Edge followed, eyes sharp despite how early it was, and took the far wall like he owned the shadows.
Drift slid in quiet, all contained force, then Piston and Fury shouldered through—Piston with grease still under his nails from the garage, Fury with that slow-burn gaze that made people confess just to make it stop.
Kane didn’t bother with chairs. “Short version.” His voice filled the room. “Jax dug a federal well for an employee. Lark Whittaker. Turns out she’s WITSEC. Dig tripped more than marshals. He may’ve lit up eyes that’ve been hunting her for two years.”

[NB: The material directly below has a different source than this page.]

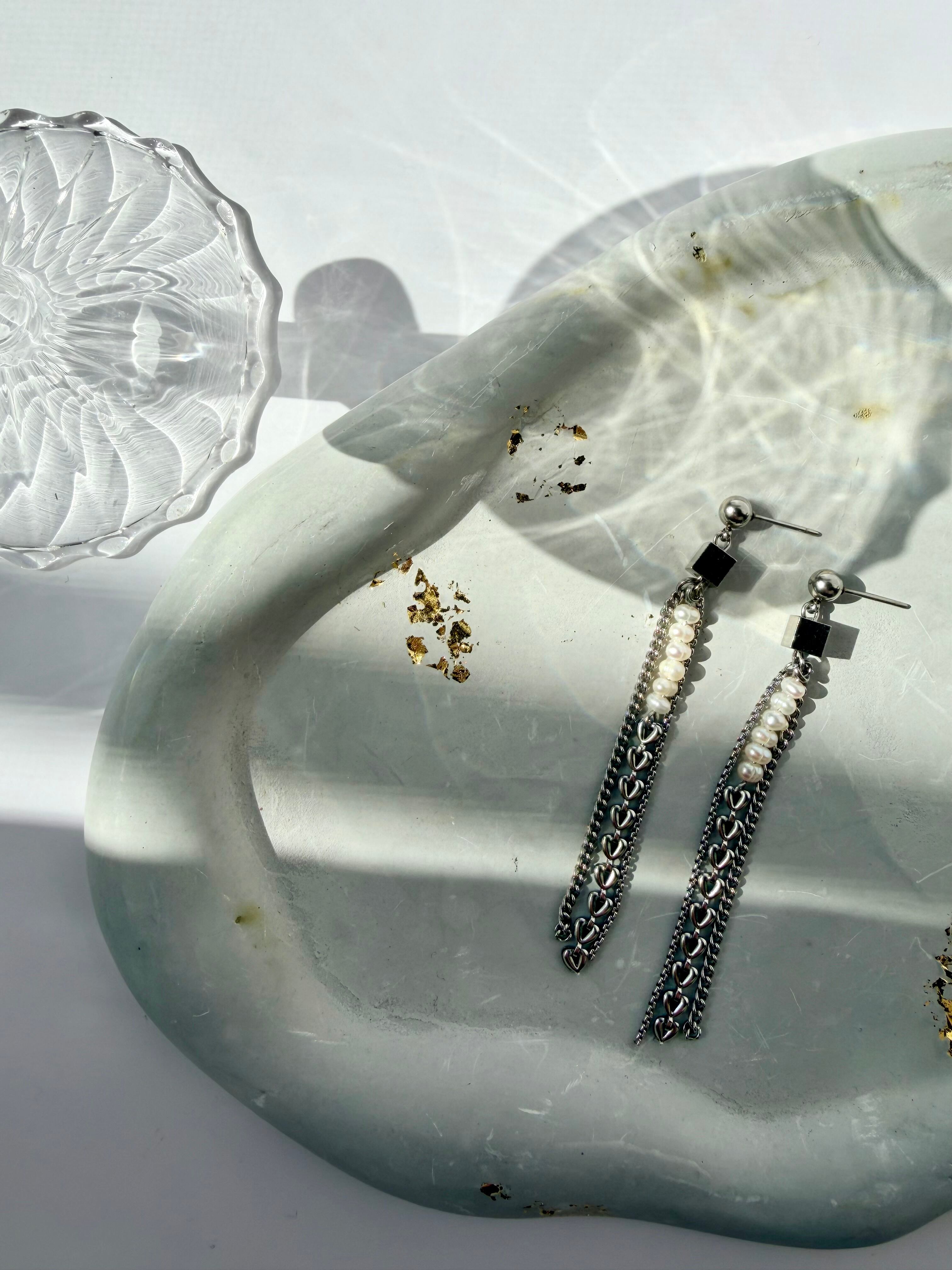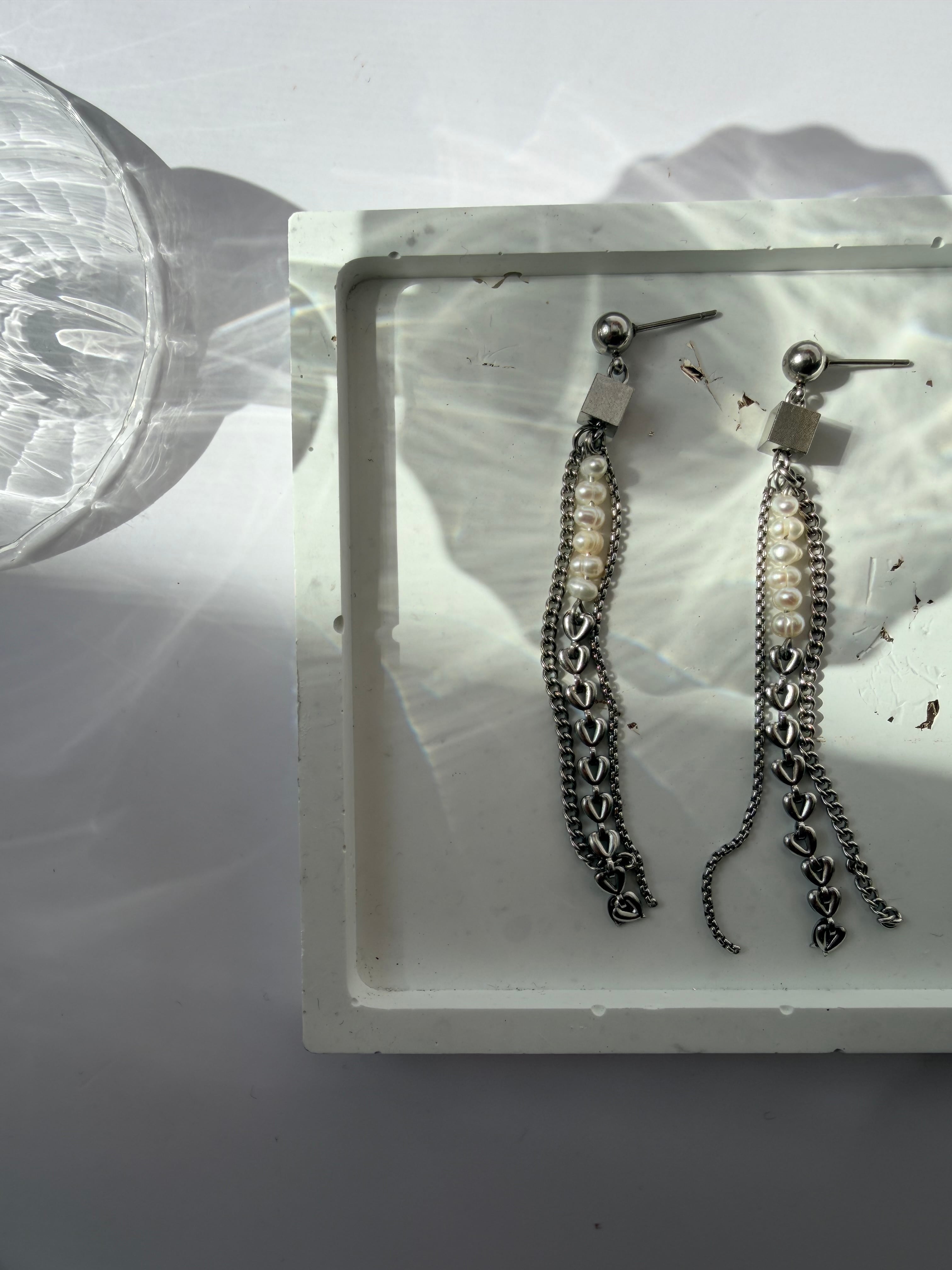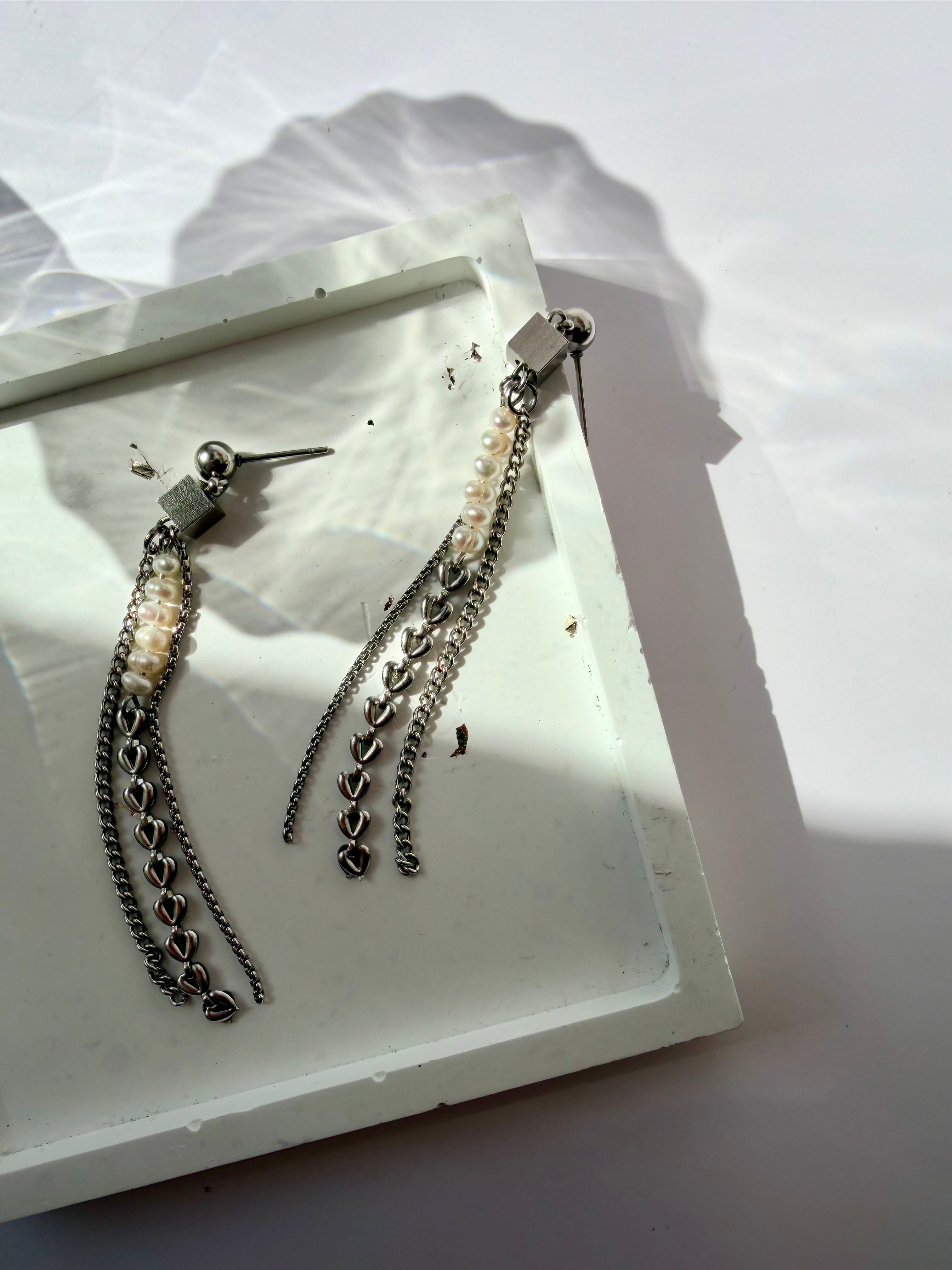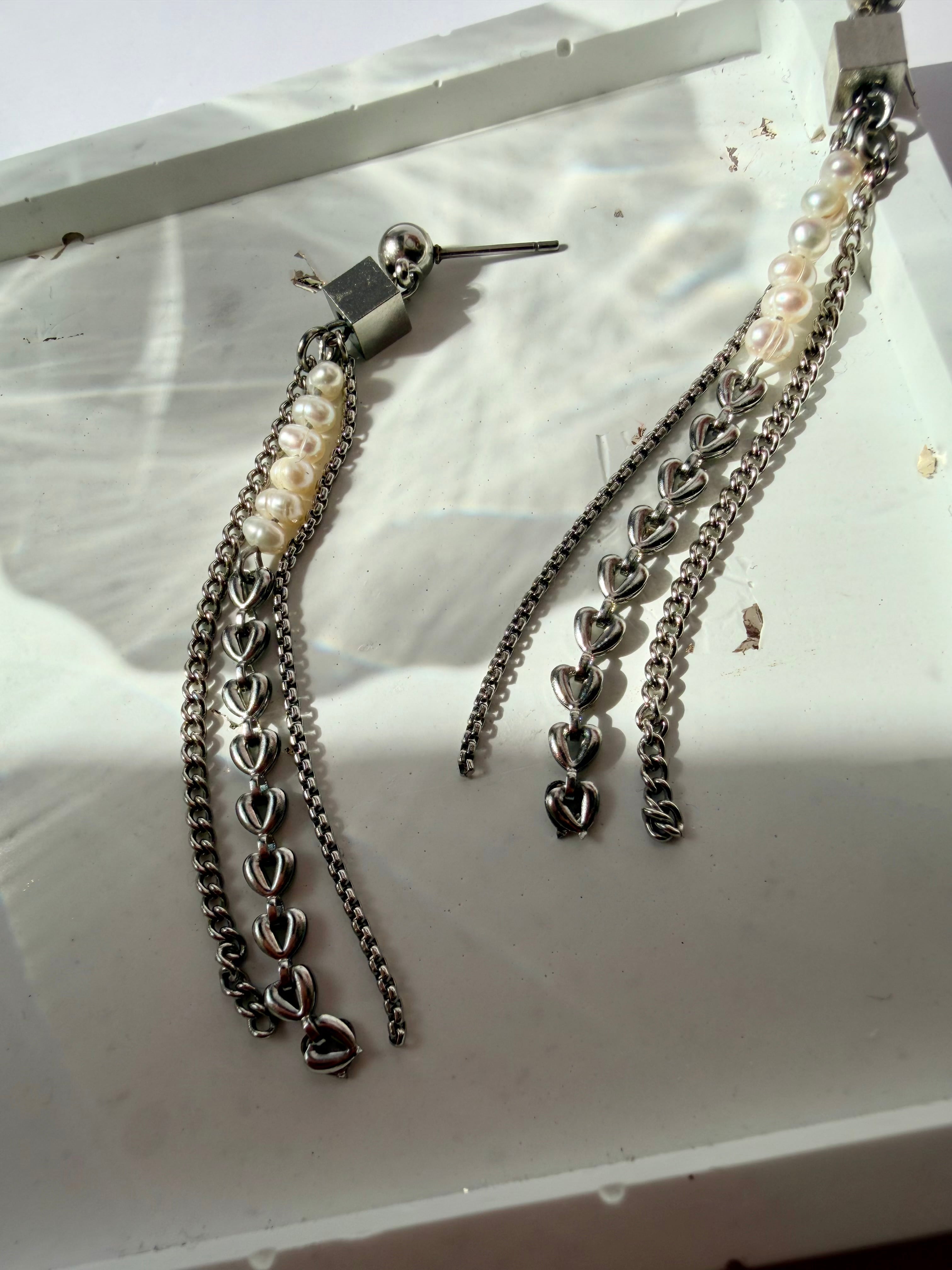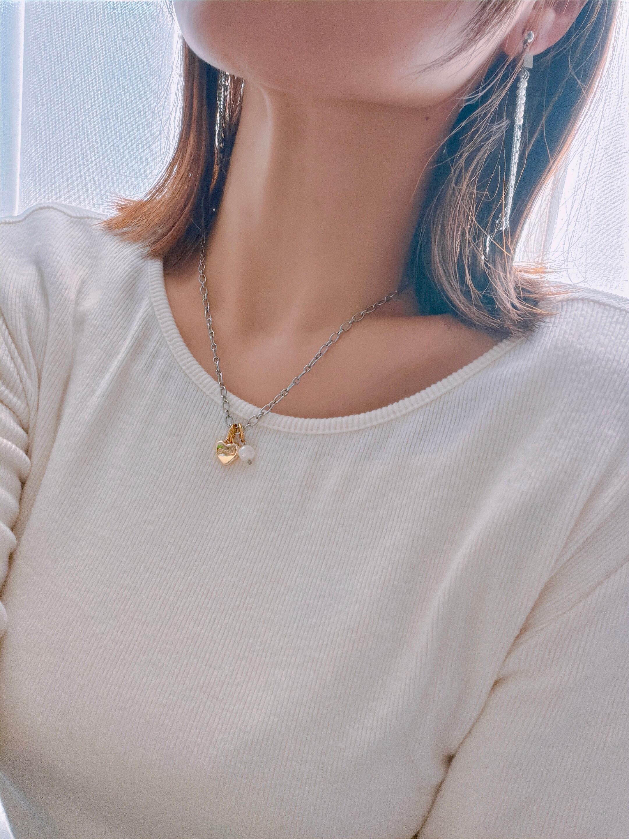 小粒の淡水パールとハートチェーン、

The room went still, every man there processing. Nitro cracked his knuckles, grin crooked. “About time something blew up. I was getting fucking bored.”
“I’ll mention that to your old lady.” Drift grinned. “Sure she’d be more than happy to fill your time with more diapers to change.”
Nitro rolled his eyes. “My baby girl’s shit is still prettier than your face, asshole.”
Still leaning against the wall, arms crossed, Edge flashed me a smirk. “All this cloak-and-dagger shit just because Jax finally got laid?”
I lifted my middle finger without hesitation. “Go fuck yourself,” I snapped, though my lip twitched because this was who we were—razor edges, sharp mouths, and steely loyalty.
Nitro barked a laugh. “You walked into that one, brother.”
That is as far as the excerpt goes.